» **AIM OF THE TASK**: From first line to last, copy the listing exactly and omit its pictures.

### SOURCE DATA ###

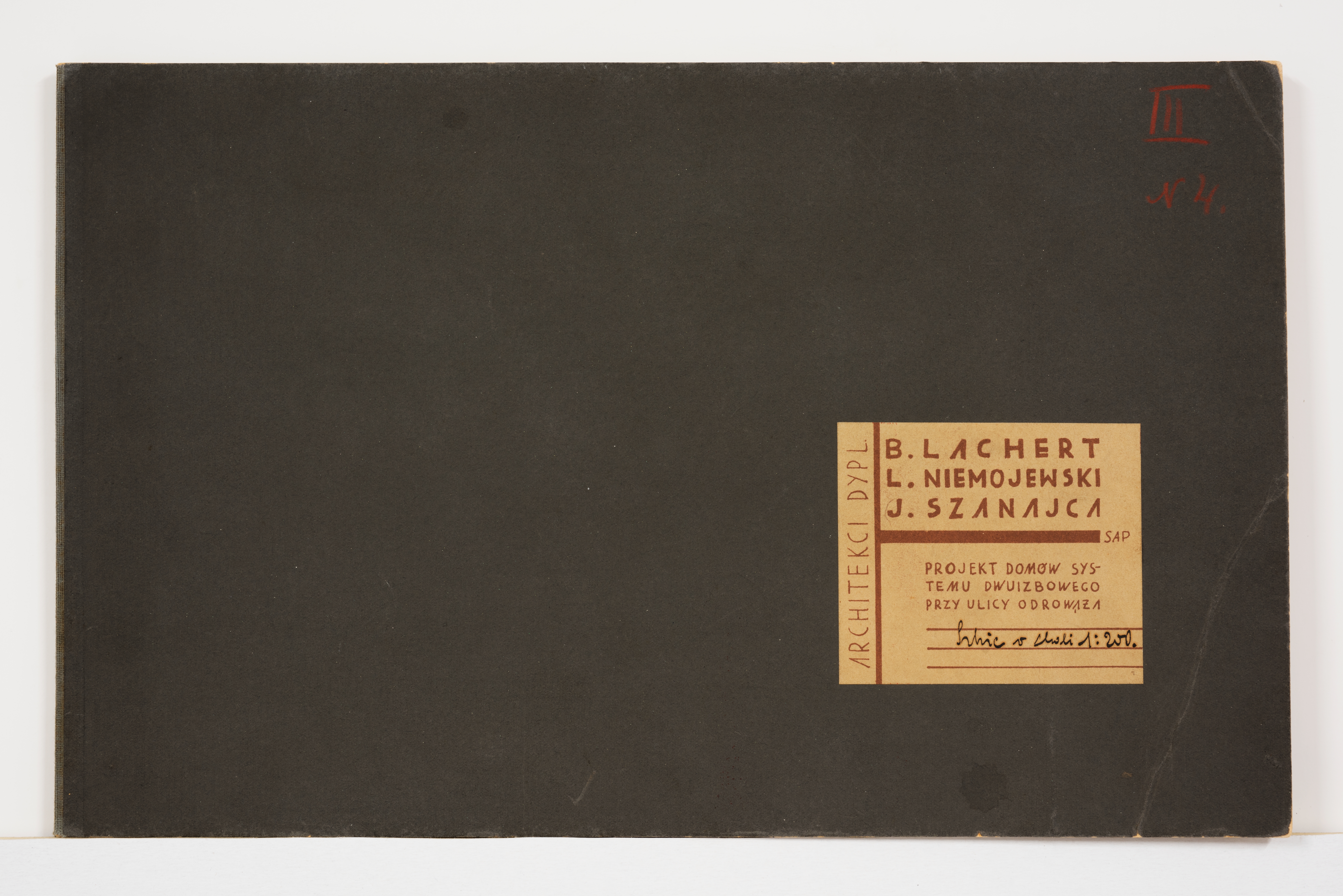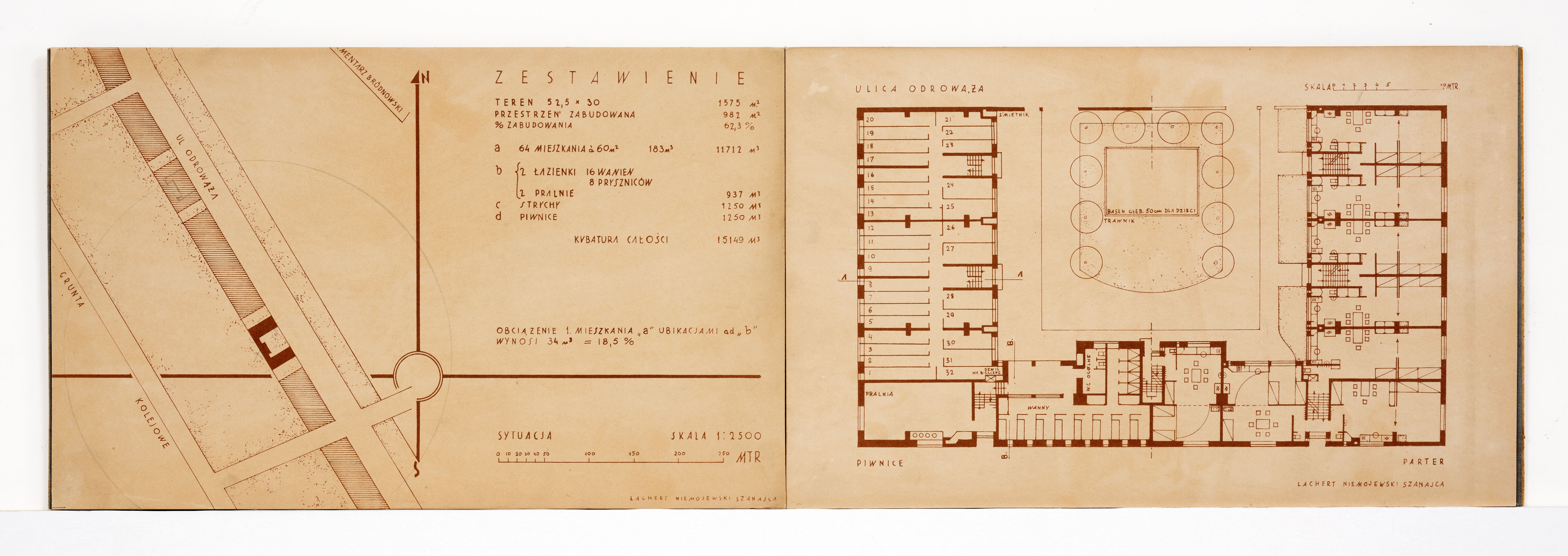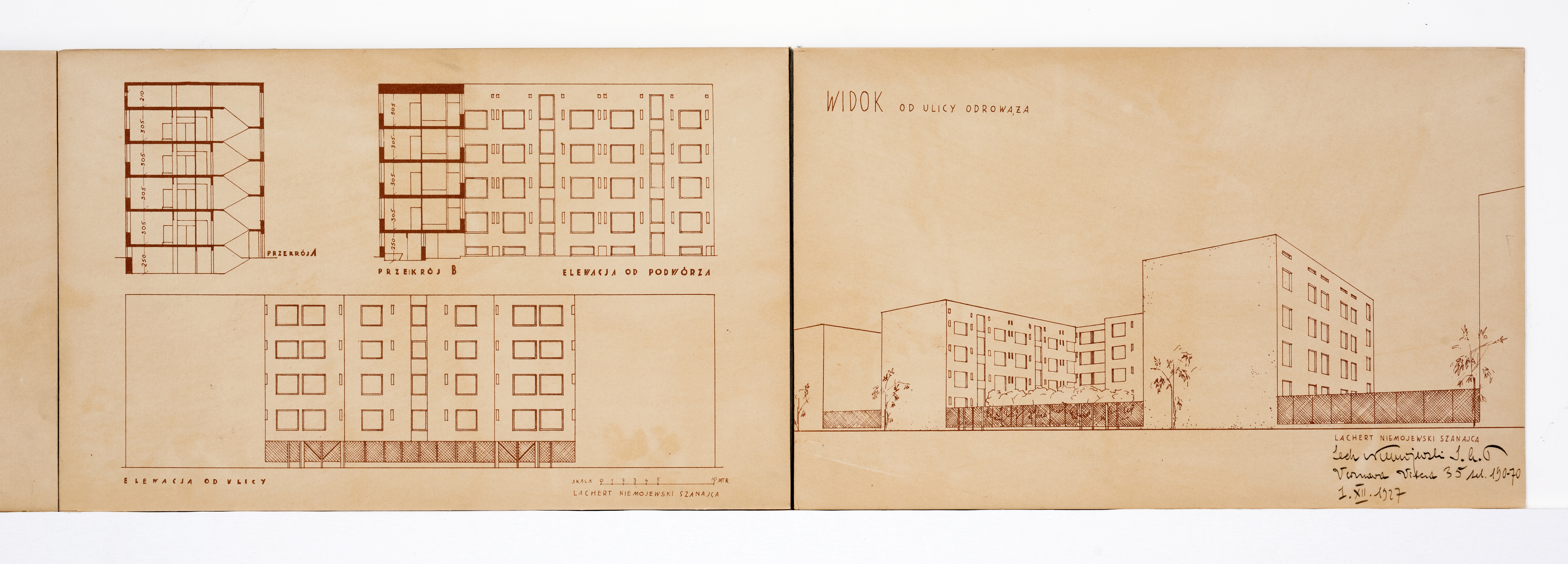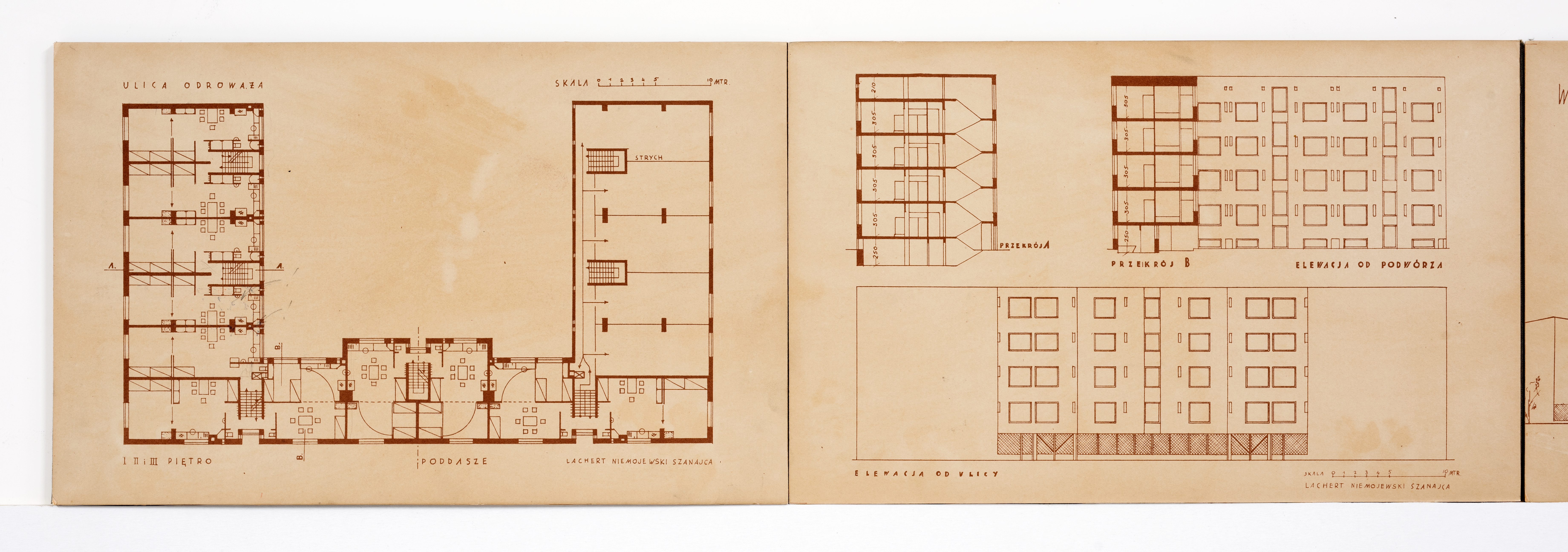 file with 5 copies of designs for the staircase-access building: site plan including the lists of floor areas and cubature, plan of basements, ground floor, 1st, 2nd, 3rd floor and the attic, cross-sections A and B, front facade (from the courtyard) of the northern wing and the whole structure from the street, perspective view
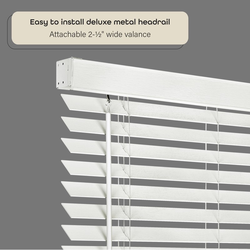 - Features a Deluxe Metal Headrail with an attachable 2-1/2” wide valance
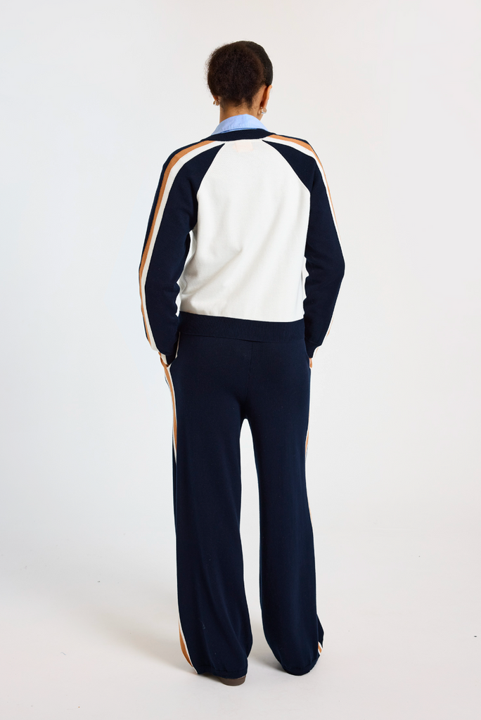 Valerie Stripe Wide Leg Pant - Navy Camel Ivory

###

» **ANSWER TO THE EXERCISE**:
 file with 5 copies of designs for the staircase-access building: site plan including the lists of floor areas and cubature, plan of basements, ground floor, 1st, 2nd, 3rd floor and the attic, cross-sections A and B, front facade (from the courtyard) of the northern wing and the whole structure from the street, perspective view
 - Features a Deluxe Metal Headrail with an attachable 2-1/2” wide valance
 Valerie Stripe Wide Leg Pant - Navy Camel Ivory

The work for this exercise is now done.